Niger : Raffinerie de Dosso : le pays signe un contrat à 1,9 milliard $ avec le canadien Zimar

Le Niger a officialisé ce samedi 15 août un partenariat public-privé avec le groupe canadien Zimar pour la construction d’une raffinerie de 100 000 barils/jour à Dosso, dans le sud-ouest du pays. Un projet colossal, évalué à 1,9 milliard de dollars, qui marque une étape clé dans la quête de souveraineté énergétique du pays sahélien.

Un modèle BOT sur 16 ans

La convention prévoit un montage classique de type BOT (Build, Operate, Transfer) : trois années de travaux, suivies de treize ans d’exploitation confiée au partenaire privé, avant un transfert intégral des installations à l’État nigérien. Ce schéma vise à concilier attractivité pour l’investisseur et contrôle public à long terme.

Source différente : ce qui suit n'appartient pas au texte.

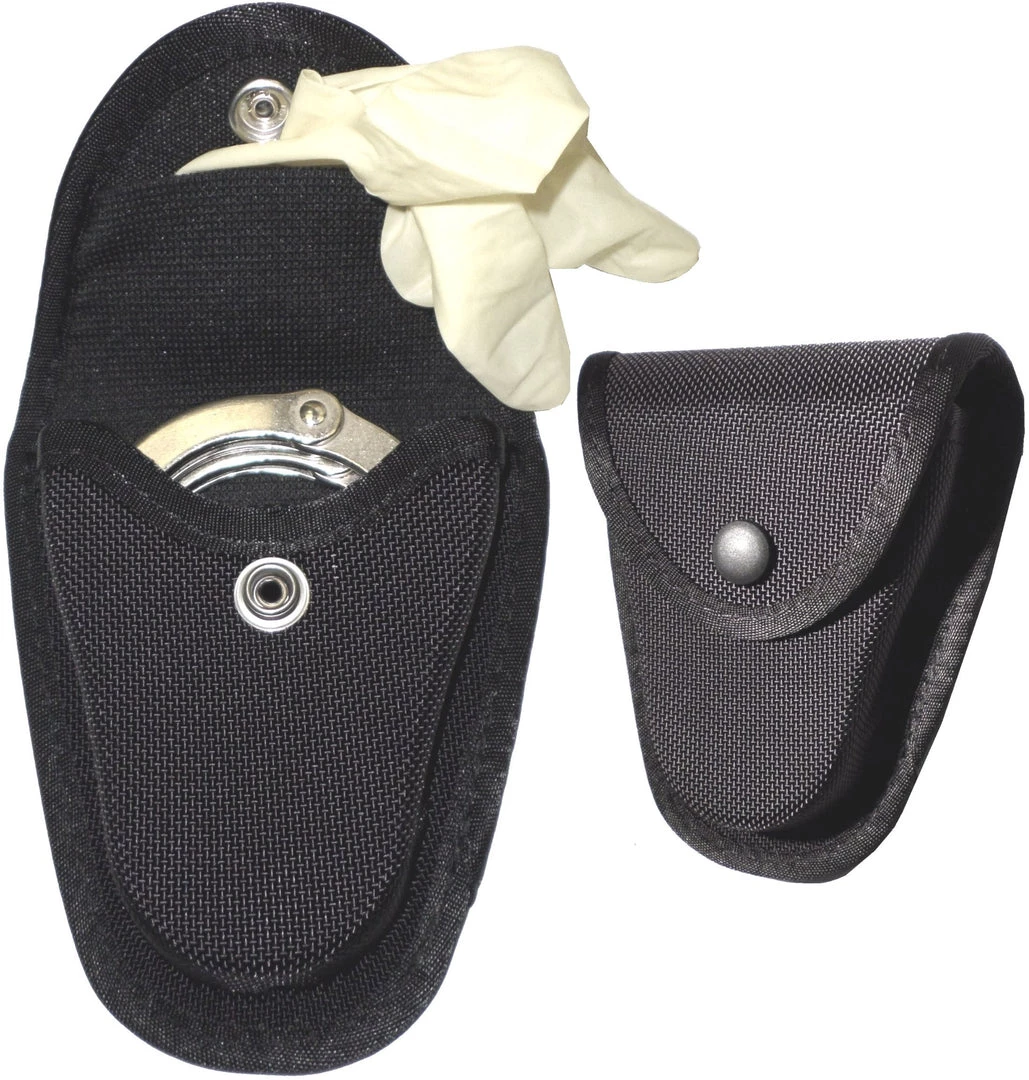 Holds most chain handcuffs. Inner pouch holds one pair of surgical gloves.
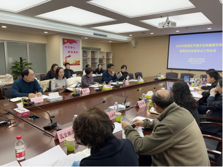 区新闻办、区商务委、区财政局、区人力资源社会保障局、区市场监管局、区金融办、区大数据中心分管领导,区旅游协会负责人,文旅企业代表参加会议。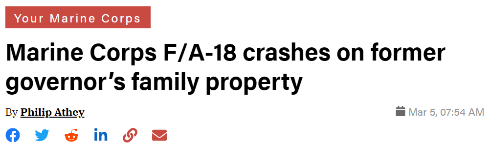 美国海军陆战队时报报道,事故发生在上周四下午3点,1架陆战队533战斗攻击中队的F/A-18D正在执行例行飞行任务,突然发生引擎故障起火,飞行员先试图关闭单具引擎,但是火并没有熄灭,他决定将战机在空旷处上空再跳伞,而他所择择的空旷地点,刚好是前州长桑福德的家族农场。前州长随后得知此事,他表示战机坠毁地点确实是他家的土地,位于父亲墓地不远处。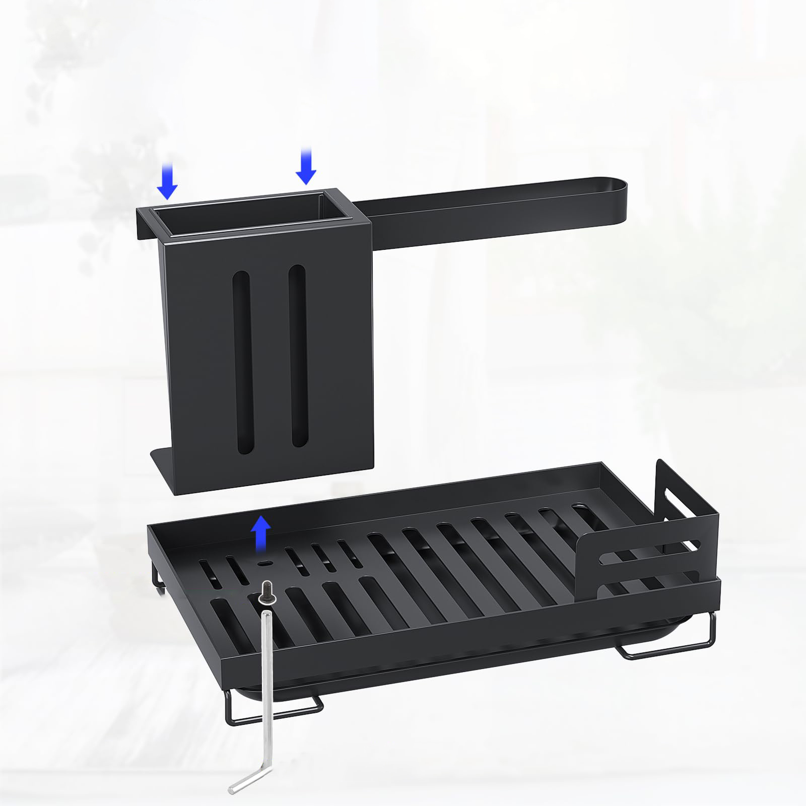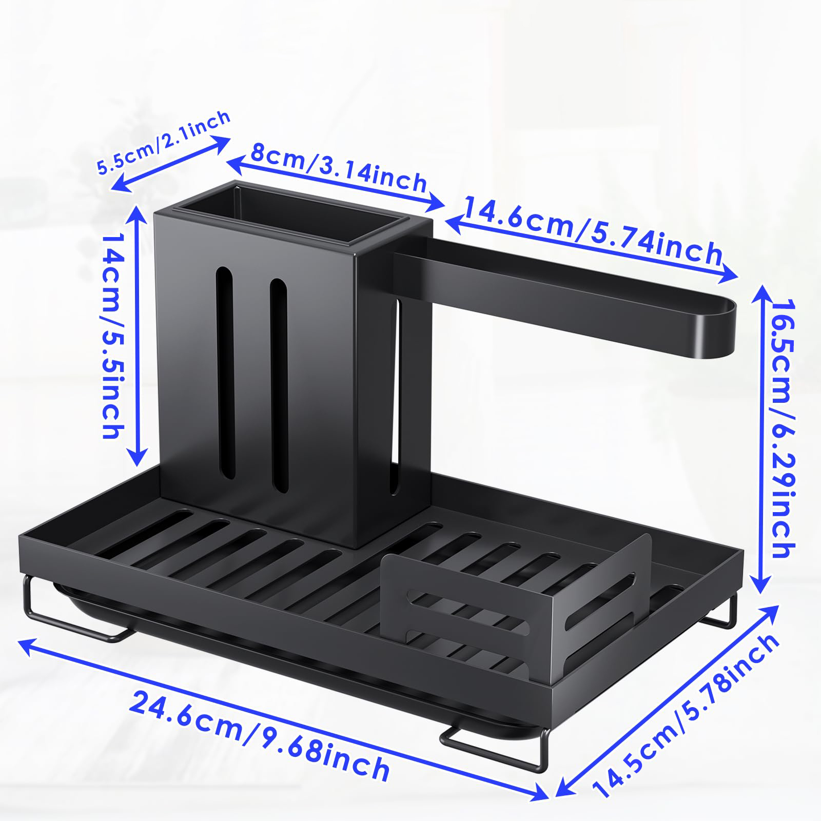 Вбудовані рейки забезпечують простір для підвішування та сушіння тканин. Піддон для крапель, який легко знімається, запобігає виникненню крапель і полегшує очищення. Стелаж для кухонного посуду, вішалка для одягу з 2 способами кріплення. Порядок і чистота: повісьте на стіну або поставте прямо на стіл. Пропонуємо клей без дирокола для настінного кріплення. Ідеально підходить для впорядкування губок, щіток і мила.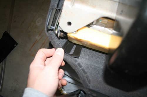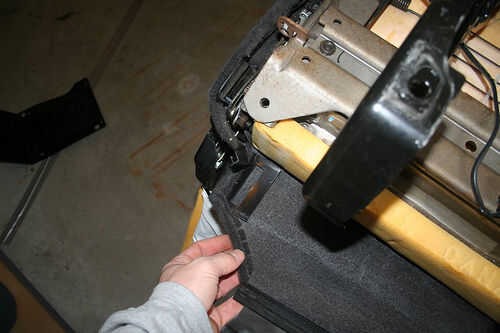Tire de la tela en la parte posterior del sat de nuevo y desenganchar los dos pequeños j-ganchos de conexión de la tela de lado a la tela trasera. Estas son fáciles. No ambos lados.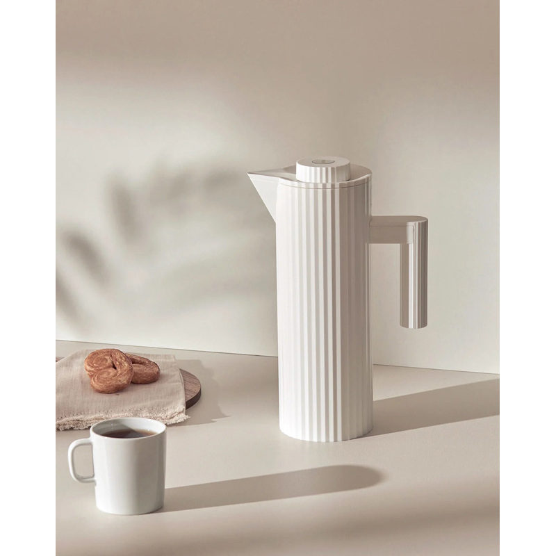 Published by Alessi and designed by Michele De Lucchi, Plissé is an isothermal jug, dressed in a refined drape. This jug keeps your hot drinks warm and is easy to transport and use. This accessory is a perfect synthesis of technical constraints, high performance and couture elegance. Elegant and timeless, the Plissé isothermal jug is the perfect addition to any home.

Un virage technique et des délais serrés

Initié en octobre 2024 par un simple mémorandum, le projet a connu une inflexion majeure en juin 2026 : l’option d’une raffinerie modulaire, jugée trop légère, a été abandonnée au profit d’une raffinerie classique, plus coûteuse mais plus pérenne. Ce changement traduit une volonté affichée de rigueur, après des critiques émises par des associations de lutte contre la corruption et des membres de la diaspora, qui s’interrogeaient sur la crédibilité de Zimar.

Désormais, le calendrier s’annonce serré. Zimar dispose de quatre mois pour boucler le financement et l’ingénierie détaillée, et de douze mois pour la finalisation financière. Le non-respect de ces échéances pourrait remettre en cause l’ensemble du processus.

Un pari stratégique pour le Sahel

En cas de succès, cette raffinerie – l’une des plus grandes d’Afrique de l’Ouest – permettrait au Niger de réduire sa dépendance aux importations de produits pétroliers et d’affermir sa position au sein de l’Alliance des États du Sahel. Reste à savoir si le partenaire canadien parviendra à transformer l’essai dans les délais impartis. Réponse dans quatre mois.